23.05.2005

ZEITGESCHICHTE„Man kann auch mit viel Lärm verschweigen“

Der spanische Autor Rafael Chirbes, 55, neben Günter Grass und Imre Kertész prominenter Teilnehmer des am Donnerstag in Berlin startenden Symposiums zur Vergangenheitsbewältigung in Spanien und Deutschland, über den Umgang seiner Landsleute mit der Franco-Zeit
SPIEGEL: Señor Chirbes, in Spanien wird derzeit über den Abbruch von Franco-Statuen und die Entschädigung von Franco-Opfern diskutiert. Freut Sie das?
Chirbes: Sicher ist es gut, dass dieser Teil unserer Geschichte nach vielen Jahren des Schweigens ins Bewusstsein der Menschen rückt.

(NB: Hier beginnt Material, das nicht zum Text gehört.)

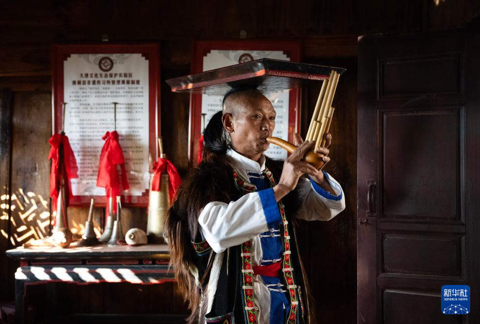 2月7日,南澗彝族跳菜國家級非物質文化遺產代表性傳承人魯朝金在非遺傳習所內演示跳菜技藝。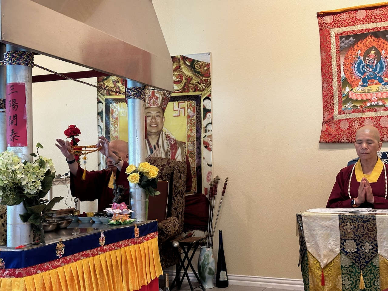 釋蓮鎮金剛上師於2024年6月16日在美國達拉斯三輪雷藏寺主壇專壇「請佛住世瑤池金母護摩」,迴向師佛:

Aber meiner Ansicht nach verfolgt diese neuerwachte Erinnerung vor allem politische Ziele. Die sozialistische Partei, die lange selbst nicht an der Vergangenheit rühren wollte, hat das Thema entdeckt. Die Erinnerung an die Opfer Francos dient quasi der Legitimierung der Partei.
SPIEGEL: Was stört Sie daran - geht es nicht in den meisten Ihrer Romane auch um die Erinnerung an die Diktatur?
Chirbes: Ich ärgere mich darüber, dass keine wirkliche Reflexion darüber stattfindet, was während Bürgerkrieg und Franco-Zeit geschehen ist. Ich habe über diese Jahre geschrieben, als noch niemand darüber sprach. Ich wollte die Geschichte derjenigen erzählen, die keine Stimme haben, und nicht die der Opportunisten, die am Ende immer gewinnen. Seit das Wort "Memoria" in aller Munde ist und politisch missbraucht wird, ist es mir zuwider geworden.
SPIEGEL: Aber ist es nicht lobenswert, dass man sich überhaupt mit der Vergangenheit beschäftigt?
Chirbes: Man kann Geschichte auch verschweigen, indem man viel Lärm macht und schwarzweiß malt, wie es momentan in Spanien geschieht. In massenhaft aufgelegten Büchern werden Heldengeschichten konstruiert, die klar in Gut und Böse unterteilen. Viele Fragen werden einfach nicht gestellt: Warum beispielsweise wurde die Monarchie wieder eingeführt? Wie kommt es, dass auf einmal alle auf die Demokratie hingearbeitet haben wollen? Die einzige Opposition, die es gegen Franco gab, bildeten die Kommunisten. Wo sind die? Und wo sind die Gewerkschafter, die Arbeiter von damals? Im Mülleimer der Geschichte.